- Source material -

* * * *

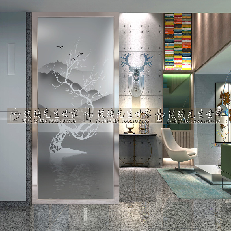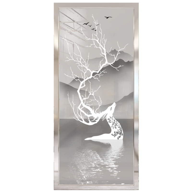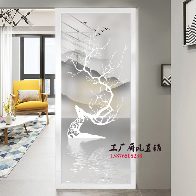 Home Clothing Art Glass Minimalist Eurostyle Aisle Xuan Guan Frosted Double Sided View Living Room Shoe Cabinet Screen Partition Wall Elk Deer
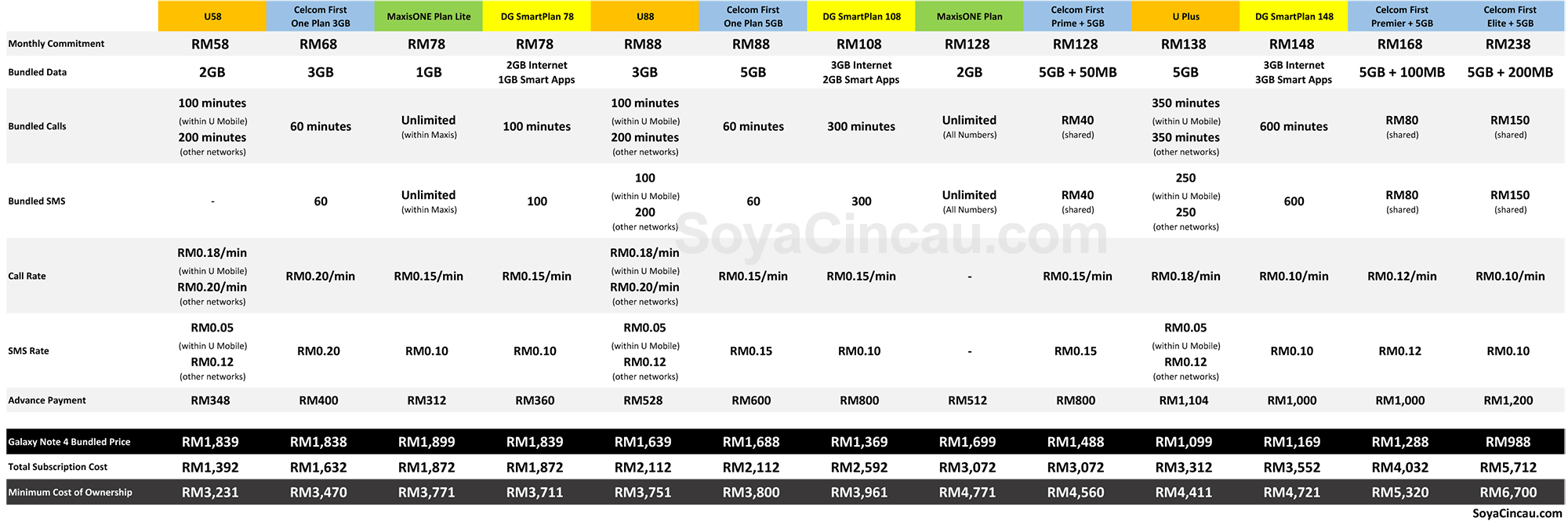 Another intangible consideration is customer service, network coverage and quality which varies depending on telco and location. As usual, if you spot any errors do highlight them under the comments. For an easier reference, you can click on the full comparison sheet below.
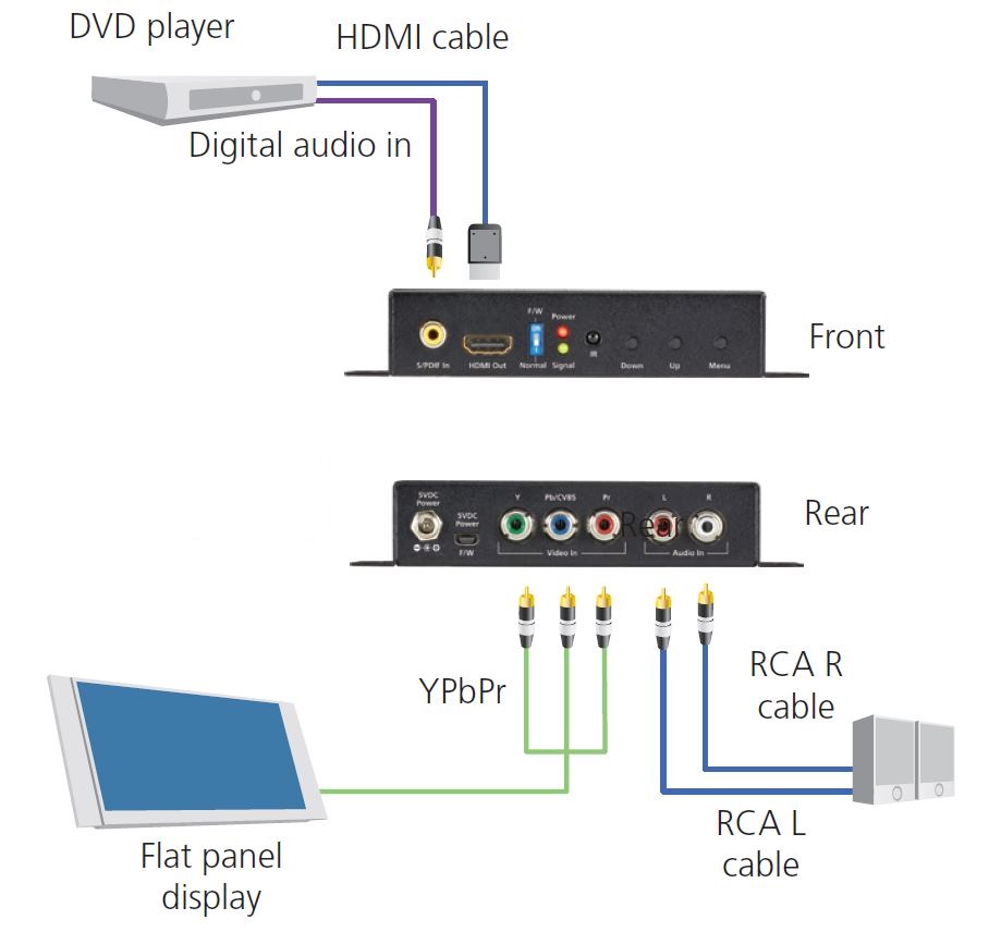 HDMI コンバータは、デジタル HDMI を、アナログ VGA、SDI、コンポーネントビデオ(デジタルオーディオやアナログステレオオーディオ付き)(またはその逆)に変換します。従来の非デジタル機器をデジタル HDMI や DVI の機器に接続するための、費用対効果の高いソリューションです。 デジタル HDMI からアナログステレオオーディオや SPDIF デジタルオーディオ付きアナログコンポーネント / コンポジットビデオに瞬時に変換する HDMI コンバータ / スケーラを使用すると、旧式テレビなどのアナログビデオレシーバを DVD プレーヤやビデオゲーム機などの HDMI ソースに簡単に接続できます。

* * * *

- Problem details -
Repeat the material above in full and exactly, omitting the pictures.

- Written response -
 Home Clothing Art Glass Minimalist Eurostyle Aisle Xuan Guan Frosted Double Sided View Living Room Shoe Cabinet Screen Partition Wall Elk Deer
 Another intangible consideration is customer service, network coverage and quality which varies depending on telco and location. As usual, if you spot any errors do highlight them under the comments. For an easier reference, you can click on the full comparison sheet below.
 HDMI コンバータは、デジタル HDMI を、アナログ VGA、SDI、コンポーネントビデオ(デジタルオーディオやアナログステレオオーディオ付き)(またはその逆)に変換します。従来の非デジタル機器をデジタル HDMI や DVI の機器に接続するための、費用対効果の高いソリューションです。 デジタル HDMI からアナログステレオオーディオや SPDIF デジタルオーディオ付きアナログコンポーネント / コンポジットビデオに瞬時に変換する HDMI コンバータ / スケーラを使用すると、旧式テレビなどのアナログビデオレシーバを DVD プレーヤやビデオゲーム機などの HDMI ソースに簡単に接続できます。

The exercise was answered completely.